Of course this marketplace could be wrong; but wouldn’t they just as likely be wrong about their choices with regard to C as to G? There doesn’t seem to be any reason to think that people make any less efficient decisions in choosing their politicians, than they do in choosing their breakfast cereals.
So for purposes of measurement, clearly both C & G are counted as contributing to GDP. One can as easily ask “what does C produce?” as “what does G produce?” Buying and consuming things doesn’t produce them.
But as JDH pointed out, income=output. When people choose to spend on G, that must be because they put some value on what it produces, whether that is health care, security, roads, etc. And that spending in turn becomes income for someone else, the same as if they had spent on shoes, haircuts, or ipods.
Ricardo said: “”tj: You’re missing that output = income. The spending on G generates income and that income is taxed along with the income from sales of goods to households and businesses.”
While this is true G does not produce. So G is actually tax taken from C then given back to C in exchange for goods and then C is required to pay tax on this previously paid tax”

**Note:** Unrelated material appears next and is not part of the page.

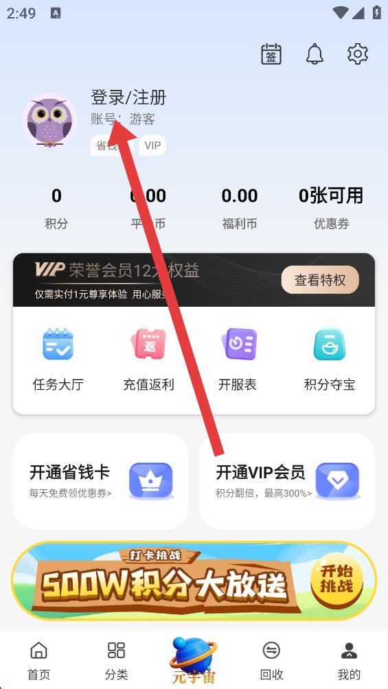 2、在我的頁面中,點擊頭像旁的登錄/注冊選項。

Actually, this doesn’t change JDH’s point – your calculations of the needed tax rate are wrong.
But it’s also untrue that G does not produce. Aside from all the obvious ways in which government creates things that otherwise either wouldn’t be created or not created efficiently (such as security, a legal framework, etc), government also creates trust.
When you’re done laughing, remember that trust is what allows the government (and many private institutions, and even individuals) to borrow money. To the extent that this borrowed money was created out of thin air (like when the Fed buys Treasuries) or borrowed from non-US actors, this is money that can be spent in the US economy that did not come from taxes.
We have to remember that GDP is therefor artificially inflated when financing for government (and corporations, and households) comes from outside the US. Without this influx of money, GDP would drop significantly.